Without altering a word, return the records below, but exclude the pictures.

[Collection entries]
BEGIN
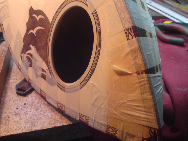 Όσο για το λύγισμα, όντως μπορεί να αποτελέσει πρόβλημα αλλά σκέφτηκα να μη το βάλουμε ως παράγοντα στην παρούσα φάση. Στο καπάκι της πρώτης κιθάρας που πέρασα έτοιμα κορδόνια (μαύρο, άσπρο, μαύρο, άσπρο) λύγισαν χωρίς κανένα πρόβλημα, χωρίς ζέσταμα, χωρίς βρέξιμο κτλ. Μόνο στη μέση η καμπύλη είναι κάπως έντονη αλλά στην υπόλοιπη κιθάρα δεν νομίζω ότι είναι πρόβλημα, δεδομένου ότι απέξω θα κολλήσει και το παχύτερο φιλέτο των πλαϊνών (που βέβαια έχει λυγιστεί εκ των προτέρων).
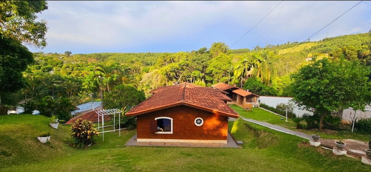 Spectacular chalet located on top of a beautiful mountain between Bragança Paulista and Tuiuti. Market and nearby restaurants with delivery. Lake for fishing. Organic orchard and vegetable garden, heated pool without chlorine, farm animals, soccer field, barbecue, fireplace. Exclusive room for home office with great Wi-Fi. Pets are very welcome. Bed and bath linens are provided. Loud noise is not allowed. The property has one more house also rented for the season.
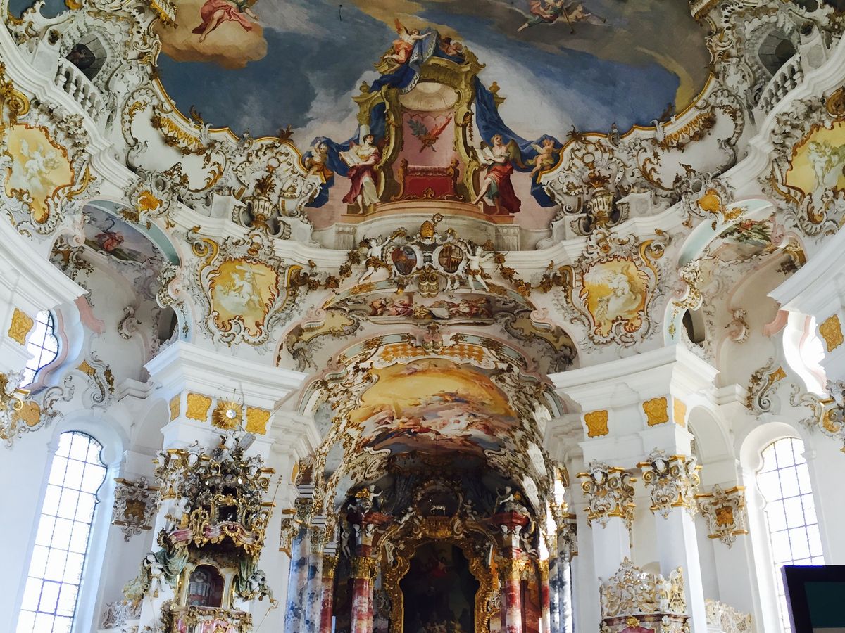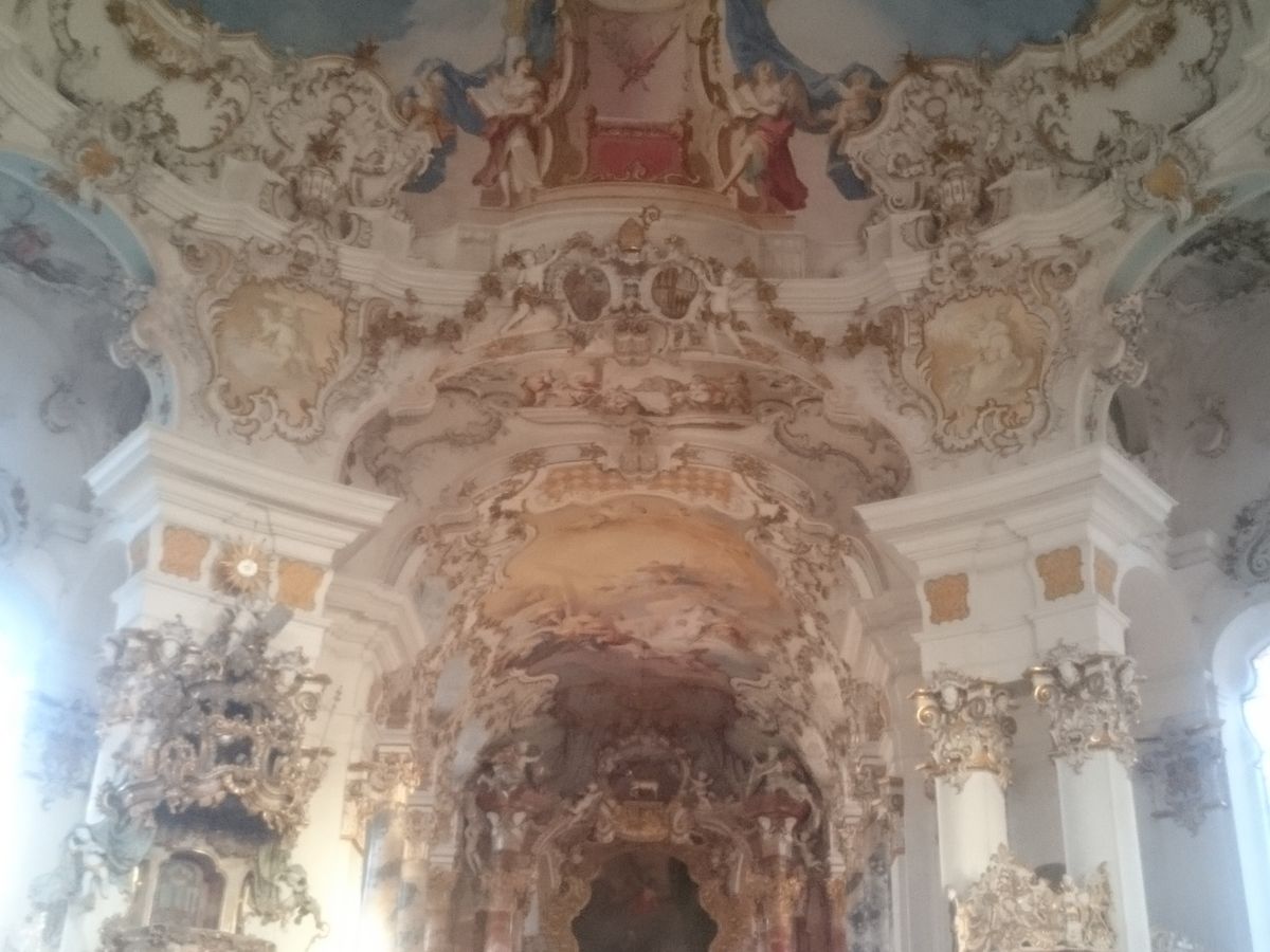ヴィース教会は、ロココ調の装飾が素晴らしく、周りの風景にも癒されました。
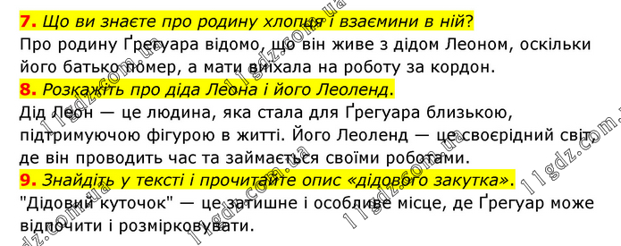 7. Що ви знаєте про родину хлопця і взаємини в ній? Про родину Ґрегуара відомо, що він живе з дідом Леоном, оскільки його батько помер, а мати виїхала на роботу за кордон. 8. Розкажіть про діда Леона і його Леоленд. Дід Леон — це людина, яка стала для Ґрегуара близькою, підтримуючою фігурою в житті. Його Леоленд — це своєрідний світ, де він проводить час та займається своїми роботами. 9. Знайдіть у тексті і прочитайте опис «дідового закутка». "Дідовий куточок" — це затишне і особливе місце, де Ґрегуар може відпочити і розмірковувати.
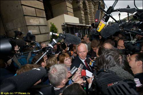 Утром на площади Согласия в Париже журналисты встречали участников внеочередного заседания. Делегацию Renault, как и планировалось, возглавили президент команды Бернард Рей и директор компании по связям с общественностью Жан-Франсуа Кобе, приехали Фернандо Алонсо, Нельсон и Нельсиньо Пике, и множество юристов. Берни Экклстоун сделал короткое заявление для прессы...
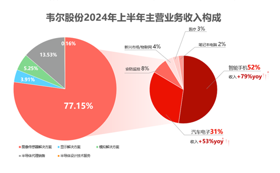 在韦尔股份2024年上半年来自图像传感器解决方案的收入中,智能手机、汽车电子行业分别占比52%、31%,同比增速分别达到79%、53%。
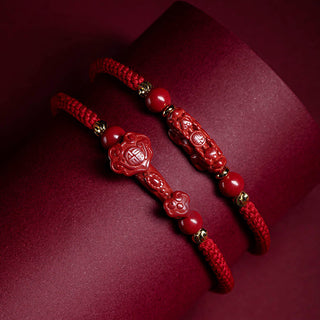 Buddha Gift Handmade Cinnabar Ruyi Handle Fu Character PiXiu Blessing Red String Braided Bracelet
END
Output of the task
 Όσο για το λύγισμα, όντως μπορεί να αποτελέσει πρόβλημα αλλά σκέφτηκα να μη το βάλουμε ως παράγοντα στην παρούσα φάση. Στο καπάκι της πρώτης κιθάρας που πέρασα έτοιμα κορδόνια (μαύρο, άσπρο, μαύρο, άσπρο) λύγισαν χωρίς κανένα πρόβλημα, χωρίς ζέσταμα, χωρίς βρέξιμο κτλ. Μόνο στη μέση η καμπύλη είναι κάπως έντονη αλλά στην υπόλοιπη κιθάρα δεν νομίζω ότι είναι πρόβλημα, δεδομένου ότι απέξω θα κολλήσει και το παχύτερο φιλέτο των πλαϊνών (που βέβαια έχει λυγιστεί εκ των προτέρων).
 Spectacular chalet located on top of a beautiful mountain between Bragança Paulista and Tuiuti. Market and nearby restaurants with delivery. Lake for fishing. Organic orchard and vegetable garden, heated pool without chlorine, farm animals, soccer field, barbecue, fireplace. Exclusive room for home office with great Wi-Fi. Pets are very welcome. Bed and bath linens are provided. Loud noise is not allowed. The property has one more house also rented for the season.
ヴィース教会は、ロココ調の装飾が素晴らしく、周りの風景にも癒されました。
 7. Що ви знаєте про родину хлопця і взаємини в ній? Про родину Ґрегуара відомо, що він живе з дідом Леоном, оскільки його батько помер, а мати виїхала на роботу за кордон. 8. Розкажіть про діда Леона і його Леоленд. Дід Леон — це людина, яка стала для Ґрегуара близькою, підтримуючою фігурою в житті. Його Леоленд — це своєрідний світ, де він проводить час та займається своїми роботами. 9. Знайдіть у тексті і прочитайте опис «дідового закутка». "Дідовий куточок" — це затишне і особливе місце, де Ґрегуар може відпочити і розмірковувати.
 Утром на площади Согласия в Париже журналисты встречали участников внеочередного заседания. Делегацию Renault, как и планировалось, возглавили президент команды Бернард Рей и директор компании по связям с общественностью Жан-Франсуа Кобе, приехали Фернандо Алонсо, Нельсон и Нельсиньо Пике, и множество юристов. Берни Экклстоун сделал короткое заявление для прессы...
 在韦尔股份2024年上半年来自图像传感器解决方案的收入中,智能手机、汽车电子行业分别占比52%、31%,同比增速分别达到79%、53%。
 Buddha Gift Handmade Cinnabar Ruyi Handle Fu Character PiXiu Blessing Red String Braided Bracelet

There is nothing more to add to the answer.